PROBLEM
After locating the line that holds "50세트] + 젓가락 50쌍♜♜", repeat it and each following line exactly until the material ends, skipping pictures.

RAW DATA
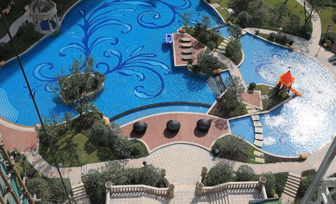 據(jù)資料顯示,大名城綠化率為41.5%,樓間距為160米,小區(qū)內(nèi)部區(qū)規(guī)劃擁有中央疊瀑和中央泳池。目前,大名城東區(qū)1400㎡無邊界游泳池已經(jīng)開放使用。記者實地走訪泳池周邊發(fā)現(xiàn),一名工作人員正在清理池內(nèi)雜物,該工作人員告訴記者,大名城工作人員會定時清理泳池及周邊景觀區(qū)域,保證小區(qū)內(nèi)部時刻干凈整潔??v觀東區(qū)整體景觀,池水清澈,周邊花卉植物、雕像噴泉錯落有致,景觀整體格調(diào)高端。
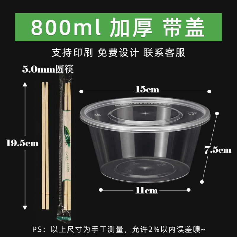 • 원형 800ml 투명 [뚜껑 포함 50세트] + 젓가락 50쌍♜♜
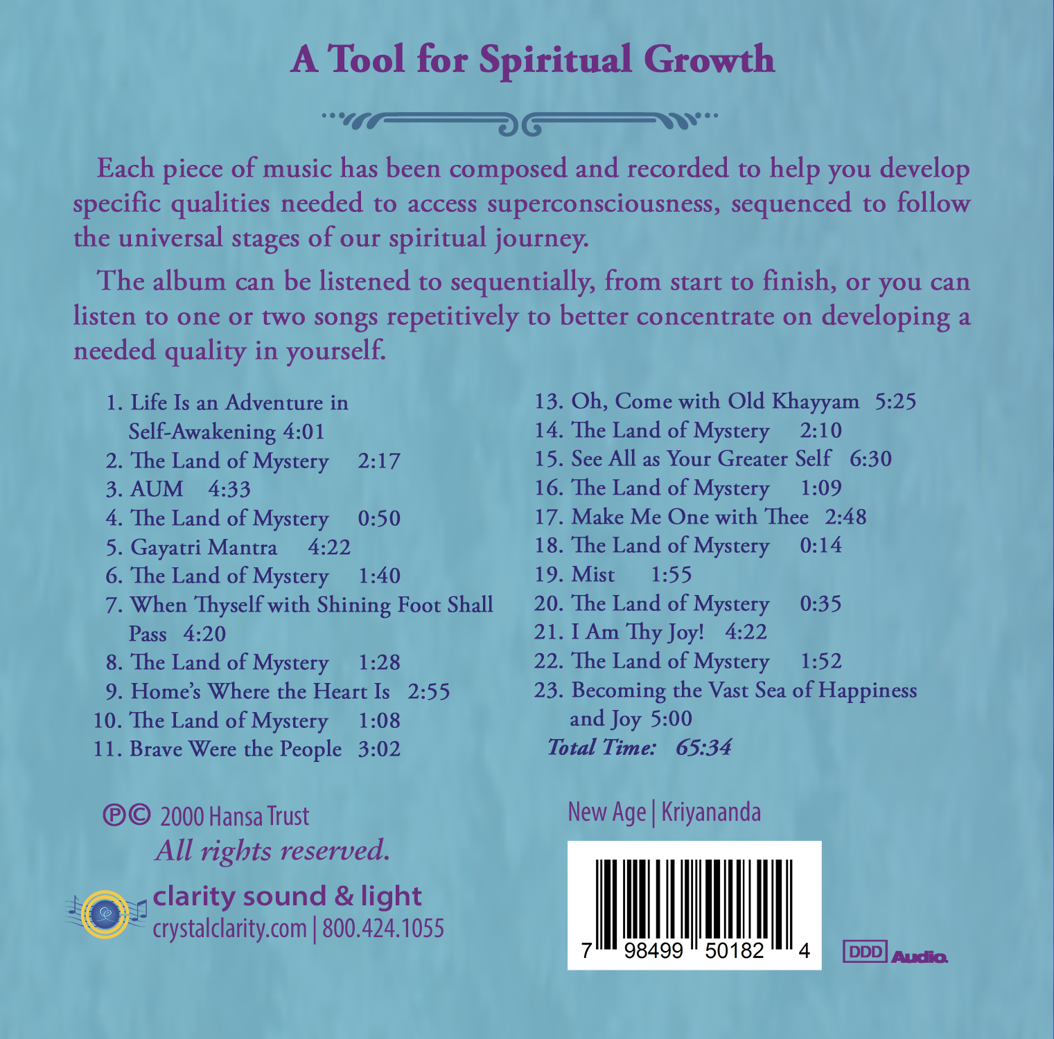 The music on this album is specifically designed to help us successfully and regularly access this state and maximize its beneficial effects. Through superconsciousness, we can feel inner peace, tap into our wellspring of creativity, unlock intuitive guidance, and hear the silent voice of our souls.

WRITTEN SOLUTION
 • 원형 800ml 투명 [뚜껑 포함 50세트] + 젓가락 50쌍♜♜
 The music on this album is specifically designed to help us successfully and regularly access this state and maximize its beneficial effects. Through superconsciousness, we can feel inner peace, tap into our wellspring of creativity, unlock intuitive guidance, and hear the silent voice of our souls.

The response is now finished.